No pedido, Lindbergh alega que “é notório que o deputado federal Eduardo Bolsonaro se encontra nos Estados Unidos, atuando junto a autoridades e agentes políticos para viabilizar apoio às sanções contra o Brasil, apresentando o STF como inimigo da liberdade e promovendo investida diplomática contra os interesses nacionais”.

O petista cita uma entrevista do senador Flávio Bolsonaro e uma publicação de Jair Bolsonaro nas redes sociais. Na entrevista, Flávio disse que o “primeiro passo” para o Brasil conseguir reverter a tarifa de 50% imposta pelo presidente dos Estados Unidos, Donald Trump, seria aprovar uma anistia “ampla e irrestrita”.

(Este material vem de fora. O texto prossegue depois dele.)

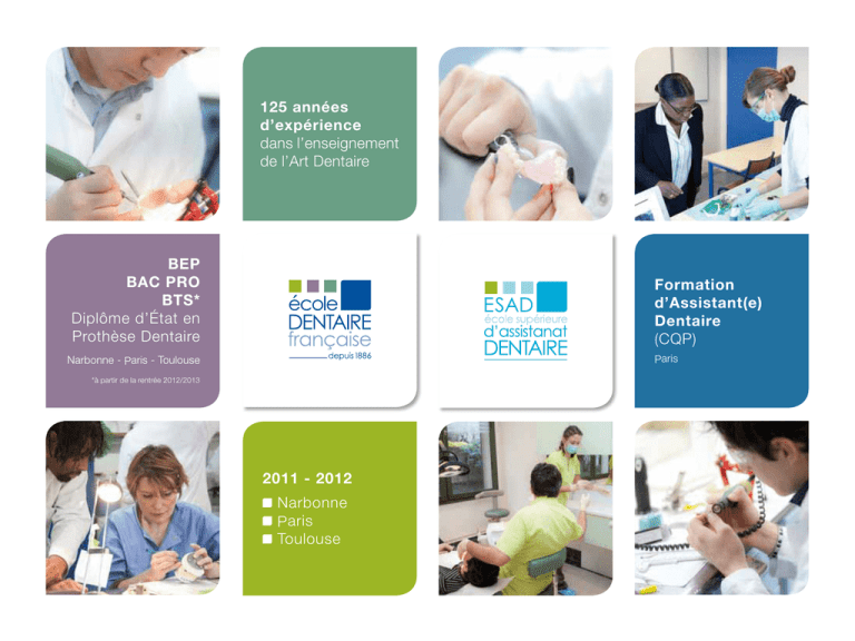125 années d’expérience dans l’enseignement de l’Art Dentaire BEP BAC PRO BTS* Diplôme d’État en Prothèse Dentaire Formation d’Assistant(e) Dentaire (CQP) Paris Narbonne - Paris - Toulouse *à partir de la rentrée 2012/2013 2011 - 2012 Narbonne P aris Toulouse Vous cherchez un métier dans le secteur de la Santé, qui offre de réelles opportunités d’emploi ? L’École Dentaire Française, reputée depuis 125 ans dans le domaine des métiers de la Santé, vous permet d’accéder aux métiers de la prothèse dentaire et de l’assistanat dentaire. Elle propose plusieurs formules pédagogiques adaptées à tous les niveaux de formation et à tous les âges, permettant ainsi d’atteindre le plus haut niveau de diplôme délivré par l’État ou la branche professionnelle. L’École Dentaire Française reste fidèle à ses valeurs d’éthique et d’humanisme. Vous trouverez dans notre établissement une équipe à votre écoute et profondément engagée dans les objectifs de votre réussite scolaire et professionnelle. sommaire 2 Prothèse dentaire : le métier 03 Prothèse dentaire : l’organisation des études 04 Étudier la prothèse dentaire à l’École Dentaire Française 06 Assistanat dentaire : le métier 08 Assistanat dentaire : le programme pédagogique 10 S’inscrire à la formation de l’École Supérieure d’Assistanat Dentaire 11 témoignage Prothèse Dentaire : le métier Corenti n GRA ND ET Elève en Prothèse Dentaire «Le monde du travail n’est plus un secret pour moi» Le métier de prothésiste dentaire consiste à créer ou réparer des appareils de prothèse dentaire ou des dispositifs de restauration buccale, d’après les instructions et les empreintes des praticiens : chirurgiensdentistes, orthodontistes ou stomatologues. L’objet de la Prothèse Dentaire est la réhabilitation du système manducateur par sculpture, modelage, moulage ou contremoulage. Cette profession demande de la minutie, de l’habileté et un sens esthétique développé. Mais aussi un esprit ouvert aux nouvelles technologies, en raison de l’évolution permanente des techniques et des matériaux, et de l’apparition de nouveaux équipements de fabrication. La profession de Prothésiste Dentaire se pratique dans un laboratoire attaché à un cabinet dentaire, à une clinique dentaire, à un service hospitalier, ou dans un laboratoire indépendant, de structure artisanale ou industrielle. Le Prothésiste Dentaire diplômé a la possibilité de créer son propre laboratoire, et de devenir ainsi Chef d’entreprise. La profession est caractérisée par un taux important de professionnels indépendants : environ 16.000 personnes en France travaillent dans un peu plus de 4.000 laboratoires (soit un «patron prothésiste» pour trois salariés). J’ai choisi l’École Dentaire Française en premier lieu pour sa renommée. J’étais convaincu de mon choix d’orientation en prothèse dentaire, mais les témoignages d’anciens élèves m’ont aussi persuadé de m’inscrire ! Notre formation est ciblée et il faut faire preuve d’une grande détermination pendant les études… La charge de travail est relativement importante et une grande partie se concentre au laboratoire, mais une bonne organisation et de l’assiduité permettent de réussir. Les enseignants nous soutiennent en répondant à toutes nos interrogations et le travail en laboratoire donne lieu à beaucoup d’échanges. La connaissance du métier de nos professeurs principaux est un avantage pour un élève de cette école. En plus les stages en entreprise sont nombreux. Ils viennent compléter la formation et permettent de comprendre plus facilement les cours. L’École Dentaire Française accompagne les élèves pour trouver un stage, mais j’ai réussi à en trouver par moimême - c’est le début de mon intégration dans le monde du travail ! 3 Prothèse Dentaire : l’organisation des études Les études conduisant au métier de Prothésiste Dentaire sont organisées en deux cycles et trois diplômes : Le premier cycle est constitué par le Baccalauréat Professionnel de Prothèse Dentaire, qui se déroule en trois années. Après la première année d’études, l’élève de Baccalauréat Professionnel pourra obtenir un Brevet d’Études Professionnelles d’Auxiliaire en Prothèse Dentaire, et entrer directement dans la vie active. Au terme des trois années de ce premier cycle, le diplôme obtenu sera un Baccalauréat Professionnel de Technicien en Prothèse Dentaire, permettant d’occuper un emploi qualifié dans un laboratoire de prothèse dentaire, un cabinet dentaire ou un établissement de soins. Des passerelles sont possibles pour des élèves déjà diplômés d’un Baccalauréat. L’obtention du BTS de Prothésiste Dentaire sera très probablement indispensable pour ouvrir ou reprendre un laboratoire de prothèse dentaire. Les étudiants bacheliers non-titulaires du Baccalauréat Professionnel de Prothèse Dentaire devront suivre une année de mise à niveau pour pouvoir intégrer le BTS. BTS Technicien Supérieur Prothésiste Dentaire BAC PRO Technicien en Prothèse Dentaire Le second cycle, de deux années, sera constitué par un Brevet de Technicien Supérieur (BTS). Ce niveau d’études sera introduit dans les écoles de Prothèse Dentaire par le Ministère de l’Éducation à partir de la rentrée 2012/2013. BEP Auxiliaire en Prothèse Dentaire 0 4 Classe préparatoire au BTS BAC pro BEP 1 2 BAC+2 3 4 5 Les enseignements professionnels du programme pédagogique : Le référentiel du BAC Pro de Prothèse Dentaire ENSEIGNEMENTS PROFESSIONNELS : S1 Anatomie & physiologie S2 Morphologie et Dessin morphologique S3/S4/S6 S5 Prothèse adjointe partielle en résine Châssis métalliques + conception et fabrication assistées par ordinateur Prothèse adjointe maxillo-mandibulaire Prothèse fixe + conception et fabrication assistées par ordinateur Orthodontie Préparation

Bolsonaro, por sua vez, pediu “aos Poderes que ajam com urgência apresentando medidas para resgatar a normalidade institucional”. Nas palavras do ex-presidente, “ainda é possível salvar o Brasil”.

“As ações do núcleo político-familiar liderado por Jair Bolsonaro evidenciam a tentativa de transformar o Brasil em satélite de um projeto internacional de extrema-direita, comprometendo a autonomia do Estado brasileiro e o funcionamento regular das instituições democráticas”, declarou Lindbergh no pedido apresentado ao STF.

O caso é relatado pelo ministro Alexandre de Moraes, a quem caberá decidir se Flávio e Bolsonaro serão de fato incluído no inquérito para apurar suspeita de tentativa de obstrução de justiça.